Identify trends from events

Scenario

The web team wants to promote which style of product has sold the most units in the last hour in a new “trending product” section of their home page.

This is an extension to the Track how many products of each type are sold per hour tutorial. In that tutorial, we counted how many units of each product type are sold in each hour.

To refine the previous tutorial flow, this tutorial shows you how to identify the style with the highest number of units sold per hour.

Versions

This tutorial uses the following versions of Event Automation capability.
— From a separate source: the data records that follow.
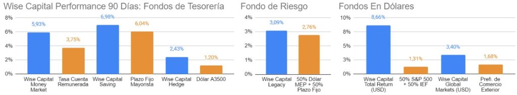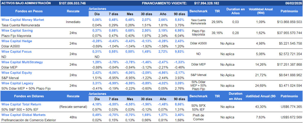 De la mano del cierre del acuerdo comercial recíproco con EE.UU, los activos de Argentina volvieron a repuntar en Wall Street y en el mercado local, en un contexto donde la volatilidad internacional también disminuyó luego de caídas sostenidas en varias ruedas debido a la cautela de los inversores acerca de los gastos de capex en IA, ahora que ha pasado la marea, llega una calma renovada donde los inversores continuaron apostando a los mercados y en esa línea el S&P 500 subió un 1,97%, el DJ +2,47% y el Nasdaq cerró en 2,18%. A nivel local el Merval en pesos subió un 1,51% y en dólares un 2,79%. En el mercado de bonos la curva a tasa fija comprimió en todos los tramos, y la caución corta se negoció en promedio en 24,6% y cerró en 18,5%, la Tamar en TNA 32,19% y la tasa de adelanto en cuenta corriente en 34,12% desde un nivel de 36,8% a inicio del mes. En esa línea, los Fondos Wise Capital registraron variaciones en los últimos 90 días superiores a sus benchmarks, siendo alternativas recomendadas para posicionarse esta semana: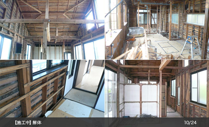 解体中屋根が落ちてくるのでは?!とハラハラ・・・急遽大工さんに仮の柱を立ててもらいその場をしのぎました。内部を解体してみたら外壁に筋かいがほとんど入っておらず大工さんに補強してもらいました。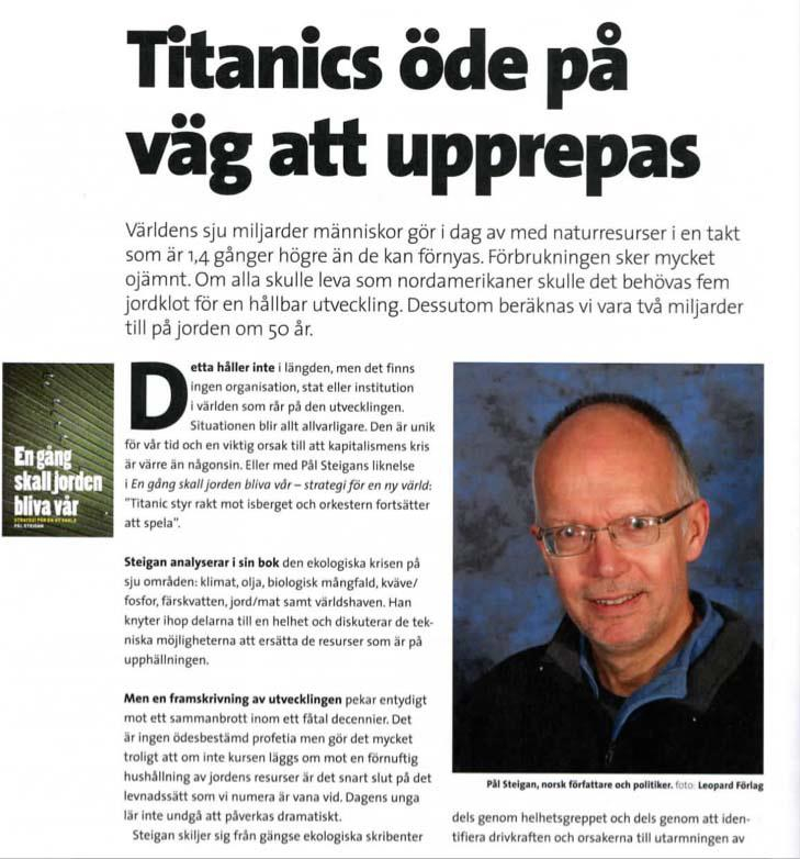 Pål Steigan ger i sin nyutkomna bok en bild av dagens olika kriser baserad på statistik och fakta. Han kopplar samman den ekonomiska krisen med miljökrisen.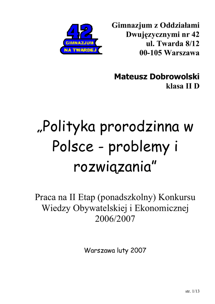 Gimnazjum z Oddziałami Dwujęzycznymi nr 42 ul. Twarda 8/12 00-105 Warszawa Mateusz Dobrowolski klasa II D „Polityka prorodzinna w Polsce - problemy i rozwiązania” Praca na II Etap (ponadszkolny) Konkursu Wiedzy Obywatelskiej i Ekonomicznej 2006/2007 Warszawa luty 2007 str. 1/13 1. Wprowadzenie Polityka rodzinna, nazywana jest niekiedy „polityką prorodzinną”. A cóż to takiego? W „Wikipedii” – największej wolnej encyklopedii - pod hasłem „polityka rodzinna” czytamy: „Polityka rodzinna – dająca się (względnie) wyodrębnić część polityki społecznej stanowiąca system długofalowych zamierzeń i towarzyszący mu system rozwiązań prawnych, przyjętych i realizowanych przez władzę publiczną na rzecz rodziny jako podstawowej komórki społecznej.” Z kolei w przyjętym 3 listopada 1999 roku dokumencie „Polityka prorodzinna państwa” [Bibliografia poz. 1] jest ona opisywana następująco : „Polityka prorodzinna ma na celu zapewnienie trwania i rozwoju rodziny oraz poszanowanie należnych jej praw, w tym prawa do samodzielności ekonomicznej oraz decydowania o wychowaniu dzieci. Dlatego też polityka prorodzinna i skuteczna polityka socjalna powinny się rozwijać w stosunku do rodzin dysfunkcyjnych i znajdujących się w trudnej sytuacji, powinna mieć charakter interwencyjny i uzupełniający.” Na podstawie źródeł pisanych (patrz Bibliografia), opinii eksperta i przeprowadzonej ankiety (niereprezentatywna 50 osobowa grupa) chciałbym przybliżyć czytelnikowi problemy z jakimi borykają się polskie rodziny i ewentualne koncepcje rozwiązań. 2. Depresja demograficzna po roku 1984 Liczba urodzeń w Polsce maleje nieprzerwanie od 1984 r. GUS szacuje , że w 2006 r. urodziło się tylko ok. 374 tys. dzieci, co prawda to ponad 10 tys. więcej niż w 2005 r., ale i tak ok. 1/3 mniej niż w 1990 r. i blisko połowę mniej niż w 1983 r., który był szczytowym rokiem ostatniego wyżu demograficznego (723 tys. urodzeń). W 2006 r. współczynnik urodzeń wyniósł 9,8‰ i był o 4,5 pkt. niższy niż w 1990 r. (w 2005 r. wynosił 9,6‰). Pomimo rosnącej liczby urodzeń – ten poziom przyrostu nadal nie gwarantuje prostej zastępowalności pokoleń. Od 1989 r. utrzymuje się w Polsce okres głębokiej depresji urodzeniowej. W 2005 r. współczynnik dzietności wynosił 1,24, co oznacza minimalny wzrost (o 0,02) w stosunku do odnotowanego w 2003 r. - najniższego od ponad 50 lat. Za najbardziej korzystną sytuację demograficzną uważa się taką, w której współczynnik ten kształtuje się przynajmniej na poziomie 2,1-2,15, tzn. kiedy w danym roku na jedną kobietę w wieku 15-49 lat przypada średnio 2 dzieci. Jak wynika z poniższego wykresu sytuacja taka na wsi była jeszcze do 1994 r. str. 2/13 Współczynniki dzietności w latach 1990-2003 3,0 Miasta Wieś Ogółem 2,5 2,0 1,5 1,0 0,5 0,0 1990 1991 1992 1993 1994 1995 1996 1997 1998 1999 2000 2001 2002 2003 Przeobrażenia demograficzne z lat 90-tych wskazują na przesunięcie najwyższej płodności kobiet z grupy wieku 20-24 lata do grupy 25-29 lat. Jest to wynikiem wyboru, jakiego coraz częściej dokonują młodzi ludzie decydując się najpierw na osiągnięcie określonego poziomu wykształcenia oraz stabilizacji ekonomicznej, a dopiero potem na założenie rodziny oraz jej powiększanie. Wyniki badań GUS-u wskazują, że przeciętny wiek kobiet, które w 2005 r. urodziły dziecko to 27,4 lat, tj. o prawie 1,5 roku więcej niż na początku lat 90-tych. Wiek kobiet rodzących swoje pierwsze dziecko wzrósł o prawie 2,5 roku, tj. z 23 do 25,4 lat. Tak więc obserwowany w ostatnich latach (2004-2006) – wzrost liczby urodzeń może być spowodowany realizacją urodzeń „odłożonych”, ale jest także efektem korzystnych zmian w strukturze wieku prokreacyjnego kobiet. Z przeprowadzonej przeze mnie ankiety (patrz wykres poniżej) wynika, że przyczyny depresji demograficznej należy upatrywć przede wszystkim w 4 dużych problemach: a) Zmiany w stylu życia (kariera, zapracowanie) - zdaniem połowy ankietowanych to najistotniejszy powód spadku liczby urodzeń, b) Bezrobocie, brak perspektyw - jeden na sześciu ankietowanych ten problem uważa za najważniejszy, a dla 31% ankieowanych jest on drugim najważniejszym powodem spadku urodzeń, c) Rosnące koszty wychowania dzieci - dla co piątego ankietowanego to drugi co do wazności problem, dla 25% to problem nr.3, d) Sytuacja na rynku mieszkań - dla co czwartego ankietowanego to problem nr. 3, a dla 25% ankietowanych jest czwartym w kolejności. str. 3/13 Co Pana/Pani zdaniem w największym stopniu wpłynęło na spadek liczby urodzeń w Polsce po 1994r.? Zmiana stylu życia 5,56 2,78 Bezrobocie 5,56 Rosnące koszty wychowania dziecka 8,33 Sytuacja na rynku mieszkań Brak pomocy ze strony państwa 2,78% 5,56 50,00% Spadek liczby zawieranych małżeństw Niedojrzałość rodzicielska młodych Polaków Wzrost liczby rozwodów 16,67 Emigracja Polaków Zniechęcenie nowym ustrojem Opinia eksperta – pani Teresy Kapeli, członka zarządu Związku Dużych Rodzin Trzy Plus - zdaje się potwierdzać wyniki ankiety. Na pytanie: „Dlaczego mimo ustabilizowania się sytuacji społeczno-ekonomiczno-politycznej po 1994 r. nadal spada liczba urodzeń?” pani Kapela odpowiada: „Niestety wszystkie badania wskazują na to iż stabilizacja raczej zmniejsza ilość dzieci niż ją zwiększa. Przyczyn zmniejszania się ilości dzieci poszukuje się w zmianach wzorców kulturowych, w tym tych związanych z modelem rodziny, zmianach na rynku pracy. Charakterystyczna piramida demograficzna dla społeczeństw bogatych to mała ilość dzieci i zwiększająca się ilość osób w wieku emerytalnym. przeciwnie społeczeństwa ubogie mają dużą podstawę - ilość małych dzieci, i tylko nieliczni dożywają do wieku emerytalnego. Ponadto sprawa dzietności jest sprawą bardzo osobistą i uzależnioną od tak wielu czynników, że bardzo trudno 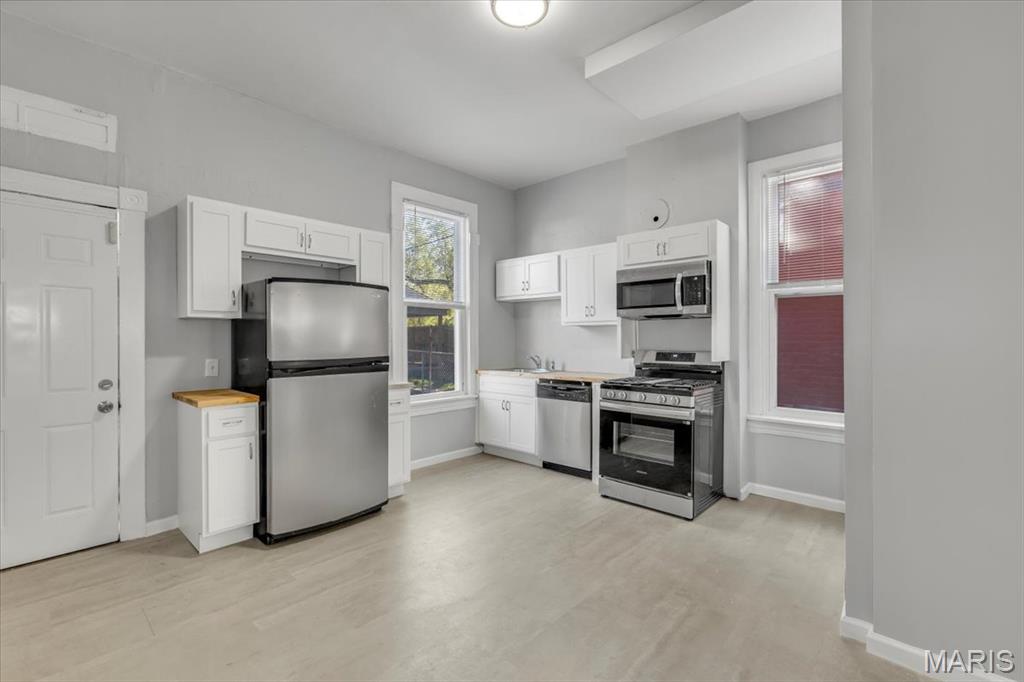 Welcome to 3820 Wisconsin Ave, a beautifully renovated 2-bed, 2-bath residence in the heart of St. Louis! Completely transformed in 2025, this move-in-ready home boasts over 1,600 square feet of modern living space. The open-concept layout is perfect for entertaining, featuring freshly refinished flooring, fresh paint, and updated lighting throughout. The kitchen is a chef's dream with new stainless steel appliances, butchers block countertops, and brand new cabinetry. Both spacious bedrooms offer ample closet space, and the pristine bathrooms feature contemporary finishes. Don't miss this turn-key opportunity in the 63118 area!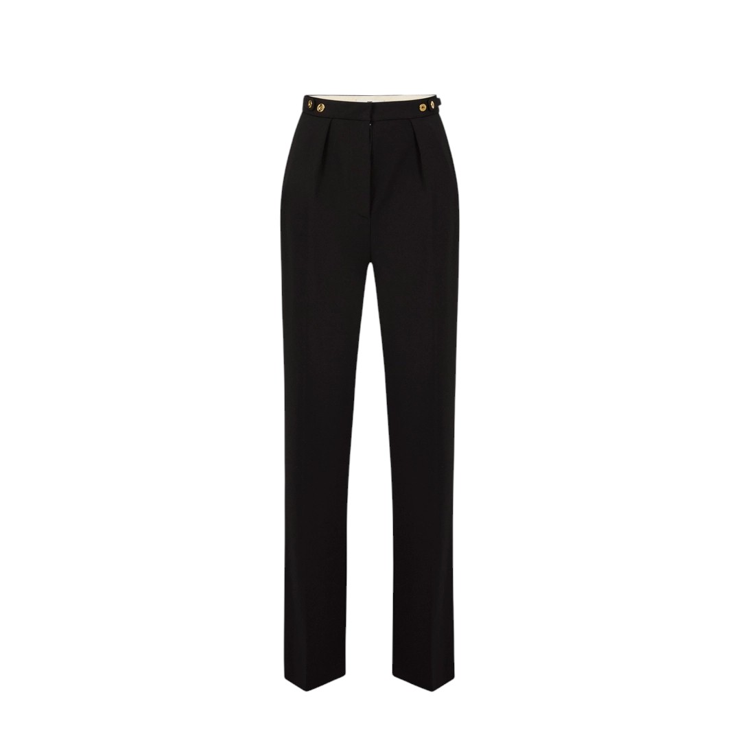 Pantaloni in crêpe dalla vestibilità regular. Con piega al centro e tasche alla francese, hanno dettagli in metallo dorato che impreziosiscono i fianchi e il retro della vita.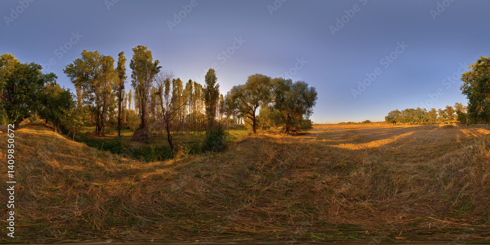 Spherical panorama of autumnal evening in straw moved field near tree grove

Screenshots may differ from the current interface if you are using a newer version.

  • Event Processing 1.1.5

Instructions

Step 1 : Create a flow

This tutorial begins with the flow that was created in the Track how many products of each type are sold per hour tutorial, which gives an hourly count of the number of units that are sold of each style.

If you haven’t completed that tutorial yet, you should do it now.

screenshot

Run the flow to remind yourself of the output.

screenshot

When you have finished reviewing the results, you can stop this flow.

Step 2 : Identify the best selling style

The next step is to identify the best selling product type in each hour.

  1. Add a Top-n node.

    screenshot

    Link the top-n node to the aggregate node.

  2. Call the Top-n node top selling style.

  3. Reuse the time window already defined in the previous aggregate node: 1 hour.

    screenshot

  4. Specify which property to sort results by (total sales) and how many results to keep (1).

    screenshot

    If you wanted to keep the top three selling styles for each hour, for example, you would set this to 3.

  5. Choose the output properties that will be useful to return.

    screenshot

  6. Click Configure to finalize the top-n.

Step 3 : Test the flow

The final step is to run your event processing flow and view the results.

screenshot

Every hour an event will be emitted with the name of the best selling style in the previous hour, and the total number of units sold.

The web team can use this to drive a trending products section on their web page to promote something that is currently selling a lot of items.